China's internet laws have spawned some of the largest companies in the worldAlibaba, Baidu and Tencentbut their ventures abroad have been mostly desultory

Alex Zhu, co-founder of Musical.ly, a Chinese start-up that chose to build its business abroad. Photo: Gilles Sabrie/The New York TimesPremium
Alex Zhu, co-founder of Musical.ly, a Chinese start-up that chose to build its business abroad. Photo: Gilles Sabrie/The New York Times

Hong Kong: For teenagers who like to sing along with Ariana Grande and Flo Rida, Musical.ly is a must-have. The app that lets users lip sync and dance in their own music videos boasts 100 million users and partners with pop stars like Grande and Meghan Trainor.

It’s not easy to tell Musical.ly is Chinese—and that’s deliberate. To find success in America, its parent company has ignored China, its home market and a country with 700 million Internet users.

The reason is simple, says Alex Zhu, co-founder of Shanghai-based Musical.ly: China’s Internet is fundamentally different from the one used in much of the rest of the world.

“It’s still very difficult to get into China," said Zhu, who studied civil engineering at Zhejiang University in the eastern city of Hangzhou. “It’s a closed environment, and you have to be quite different to compete in that market."

Two decades after Beijing began walling off its homegrown Internet from the rest of the planet, the digital world has split between China and everybody else. That has prevented American technology companies such as Facebook and Uber, which recently agreed to sell its China operations, from independently being able to tap the Chinese market.

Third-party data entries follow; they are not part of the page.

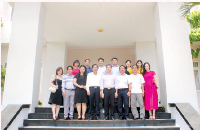
Ban Lãnh đạo Sở Tư pháp tỉnh An Giang tiếp Đoàn công tác Bộ Tư pháp.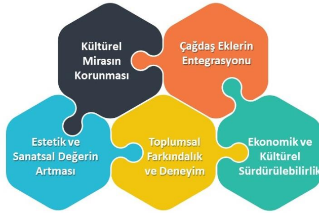
Şekil 9. Sıra dışı çağdaş eklerin tarihi çevrelerdeki rolü

Sıra dışı çağdaş ekler, kültürel mirasın korunması ve çağdaş mimarlığın entegrasyonu açısından önemli fırsatlar sunmaktadır (Şekil 9). Bu ekler, tarihi yapının değerini ve görünürlüğünü artırırken, ziyaretçilere yeni deneyimler sunmaktadır. Ayrıca, kentlerin ekonomik ve kültürel sürdürülebilirliğine katkı sağlamaktadırlar (Heidenreich ve Plaza, 2015).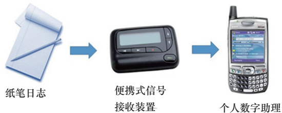
图2 日常生活情境心理学研究技术方法的变迁

记录的形式,在特定的时间、地点或事件情境下,根据研究要求自主完成相应的问卷或量表,报告自己的心理、行为或环境等状态信息。研究者对纸笔日志数据进行人工整理后,开展定性或定量分析,以回答研究问题(图2)。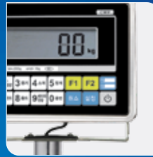
간편하고 쉬운 작동법 & 충전식 배터리 장착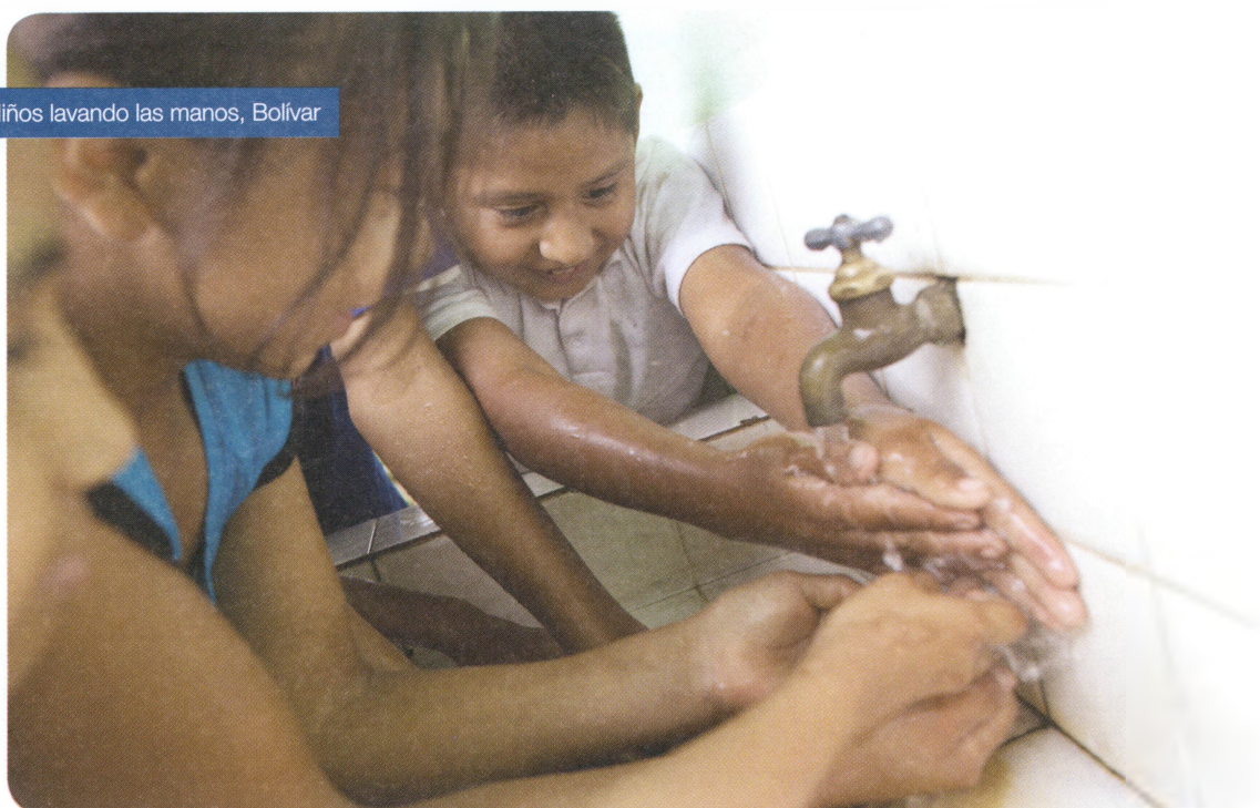
Niños lavando las manos, Bolívar

Todos los aspectos señalados anteriormente deben estructurarse bajo el criterio de plan de negocios 18 . Concretamente los aspectos centrales que deberán desarrollarse para viabilizar la legalización de una estructura mancomunada para prestación de servicios de agua y saneamiento, son los siguientes: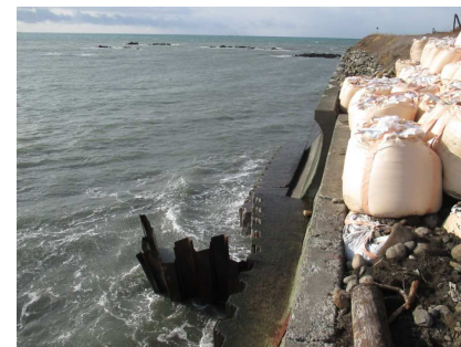
写真① 鋼矢板変形状況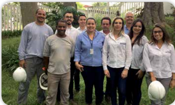
Equipe da obra.

A TEDESCO está certa de que esta obra será de grande importância para o Grupo HTB e contribuirá para nossa expertise nesta tipologia de projeto.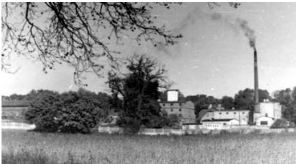
Wierzonka, widok gospodarstwa, z prawej gorzelnia, obok spichlerz, lata 80 (?)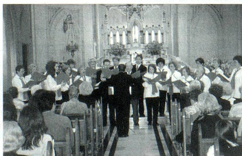
Concierto en "Nuestra Sra. de la Misericordia" de Flores.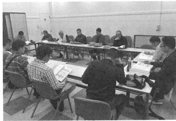
11月に行われたブドウ部の運営委員会の様子から。講習会のあと、今後の活動について夜まで熱心に議論を交わす。部会は陰の地道な努力・熱意に支えられている。(編集)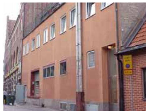
THOR 15 D från O

värdering kulturhistoriskt (K) miljömässigt (M): K = 5, M = 4.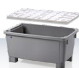
στοιβαζόμενος & εισχωρούμενος κάδος 300 l αξεσουάρ: καπάκι 1200 × 780 × 580 mm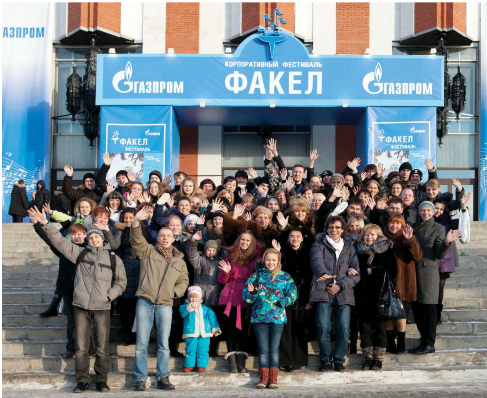
До новых встреч...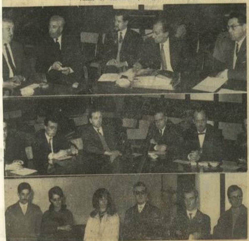
Responsables et animateurs des Maisons de Jeunes réunis à la mairie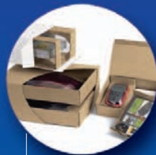
Korrvu® Závěsné obaly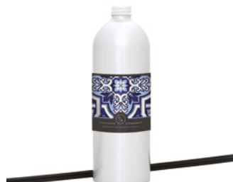
Recarga para Difusor Diffuser Refill 900 mL / 30.4 fl.oz Ref: 1-9146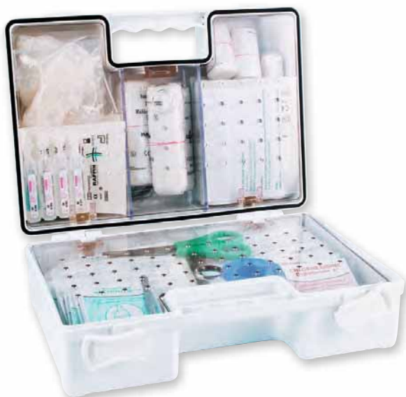
FAR 1040 AP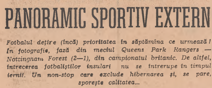
(Citiți în pagina a 4-a, panoramicul sportiv extern)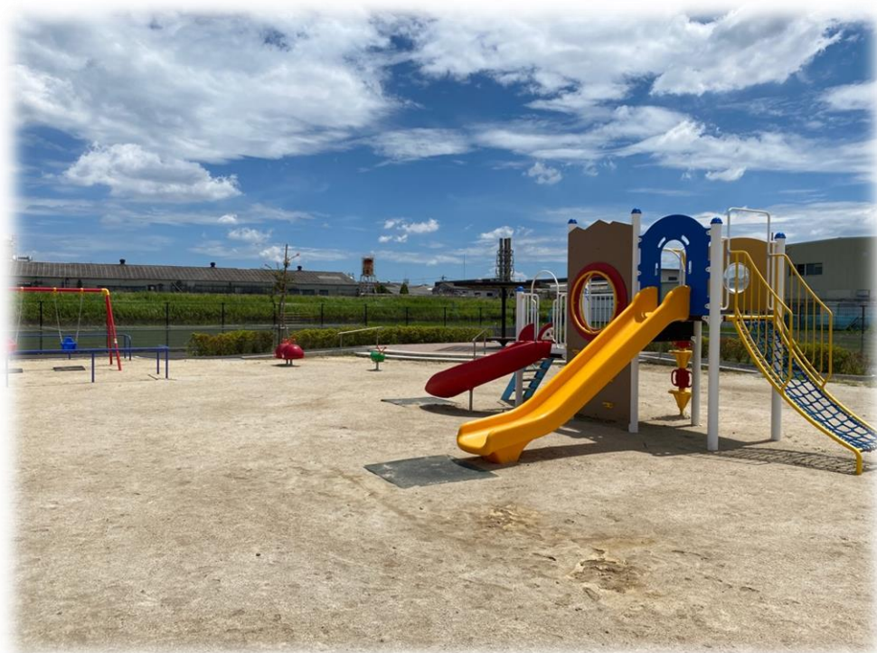
都市公園 スマイルパーク

For China’s web companies, the divide may have even more significant implications. It has penned in the country’s biggest and most innovative Internet companies.

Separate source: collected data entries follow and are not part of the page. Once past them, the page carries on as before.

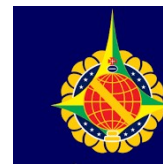
POLÍCIA MILITAR DO DF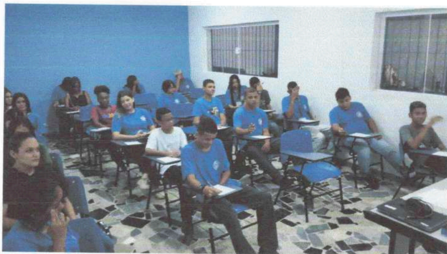
Oficina Caminhos para Crer-Ser - 08/01/24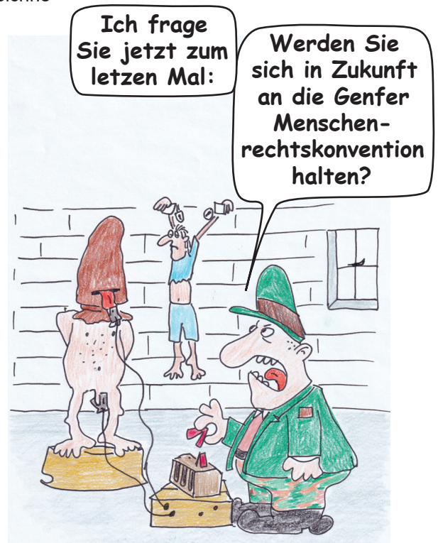
Westliche Wertegemeinschaft bei der Arbeit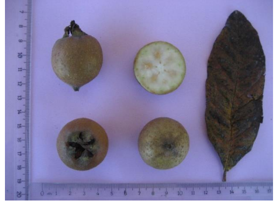
Tip No: 8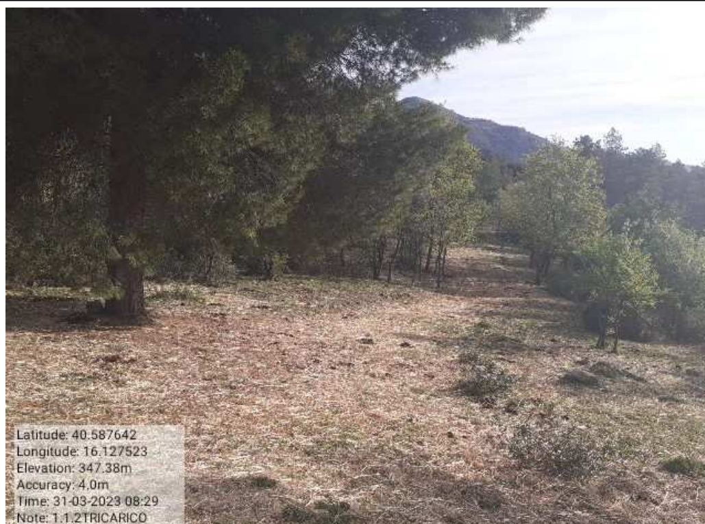
INTERVENTO 1.1.2 - TRICARICO Fg.77 part.32-33- 16-134 Loc Mantenera Malcanale Cugno del Vescovo Foto n. 2 PRIMA

Alibaba, Baidu and Tencent have grown to be some of the world’s largest Internet companies, but rely almost entirely on domestic businesses. Their ventures abroad have been mostly desultory, and prognostications that they will challenge American giants internationally have not materialized.

For Chinese web startups like Musical.ly, the Internet split has also forced them to choose—either create something that caters to China’s digital population or focus on the rest of the globe.

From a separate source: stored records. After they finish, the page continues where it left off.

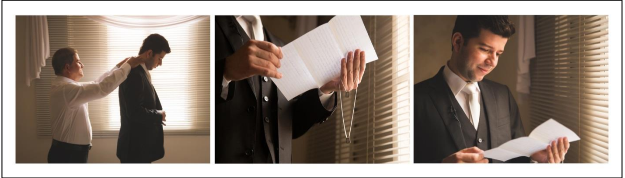
IMAGEM 33 CARTAS

pendurado em sua mão, também recebido como presente da sua futura esposa. Utilizei uma câmera Canon Mark II, lente 50mm e luz natural. A imagem foi registrada em Maringá/PR.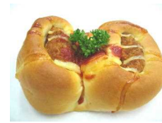
フラワーコロッケ 173円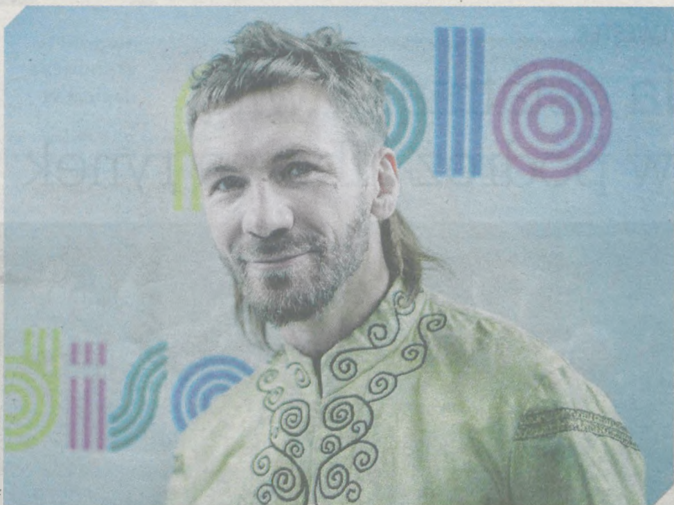
W estetyce Disco Polo na planie „Inicjacji”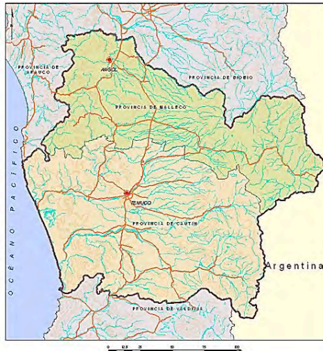
Imagen.1. Región de La Araucanía. Provincias de Malleco y Cautín. 3

(FONDART) del Ministerio de la Cultura y las Artes-Chile, a quienes expresamos nuestro público reconocimiento. La investigación se desarrolló en su primera etapa durante el año 2017 y se enfocó principalmente en la IX Región de La Araucanía, en territorios de la precordillera principal, valle central y litoral costero, espacio representado grosso modo por las actuales Provincias de Cautín y Malleco.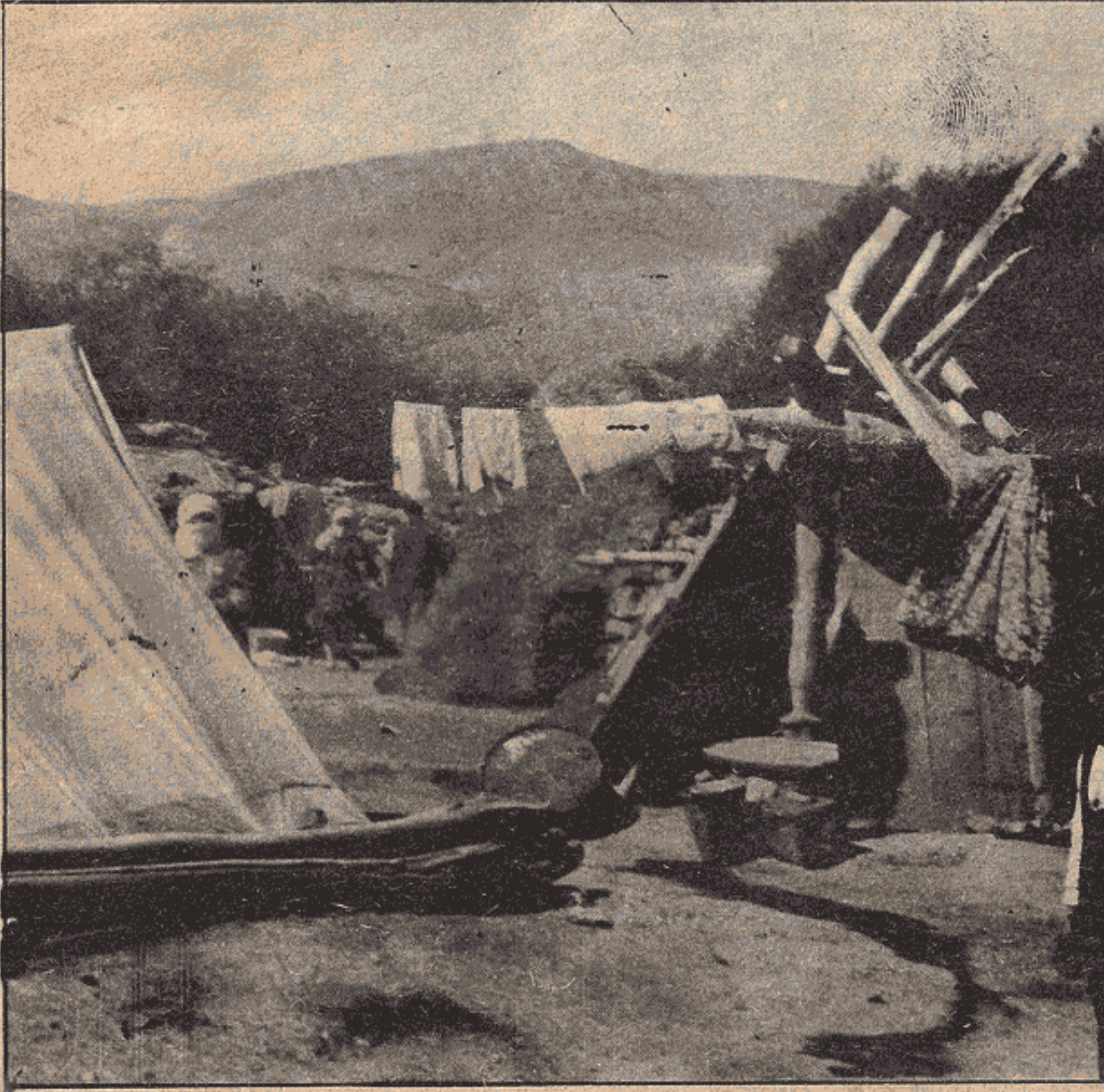
İkinci bir kışı da bu çadırlarda geçirecekler... Sıcaklığın (-30,40) dereceye düştüğü bir kış...

Van'da deprem felâketine uğrayan emekçi halkımız bu yıl da kışı açıkta geçiriyor. Gericiler bu yıl da onu yaraları ve acıları baş başa bıraktılar.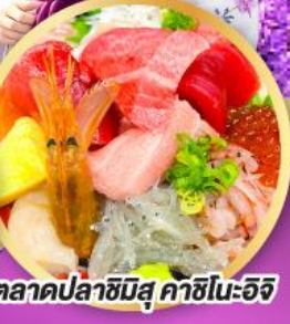
ตลาดปลาชิบึสึ คาชิโนะอิชิ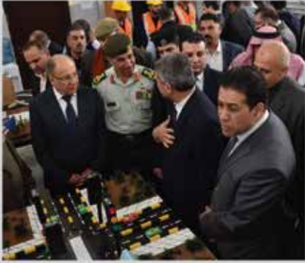
تخريج متدربي معهد ماركا الصناعي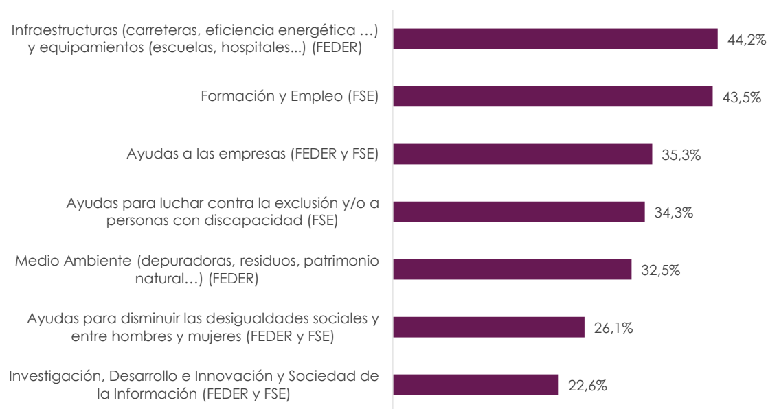
Tabla 5 GRADO DE CONOCIMIENTO DE LOS PROYECTOS O INVERSIONES REALIZADAS POR AMBOS FONDOS

In many ways, the split is like 19th century railroads in the US, when rails of different sizes hindered a train’s ability to go from one place to another.

“The barrier to entering the US or China market is becoming higher and higher," said Kai-fu Lee, a venture investor from Taiwan and former head of Google China.

The difficulties that China’s Internet companies face in expanding their success abroad are epitomized by WeChat, the messaging app owned by Tencent.

In China, WeChat combines e-commerce and real-world services in ways that have Western companies playing catch-up. It has about 700 million users, most of whom are Chinese or use it to connect with people in China.

In 2012, armed with a cash stockpile of several hundred million dollars, the world soccer star Lionel Messi as a spokesman and local ads like Bollywood-inspired commercials in India, Tencent began a push that executives said would be its best chance of breaking out of China. The effort flopped.

Critics pointed to Tencent’s lack of distinctive marketing, a record of censorship and surveillance in China and its late arrival to foreign markets. Yet the biggest problem was that outside of China, WeChat was just not the same. Within China, WeChat can be used to do almost everything, like pay bills, hail a taxi, book a doctor’s appointment, share photos and chat. Yet its ability to do that is dependent on other Chinese Internet services that are limited outside the country.

That leaves WeChat outside China as an app that people mostly use to chat and share photos—not that different from WhatsApp and Messenger, which are both owned by Facebook. Baidu and Alibaba have apps that similarly offer a range of capabilities, yet are less useful outside China.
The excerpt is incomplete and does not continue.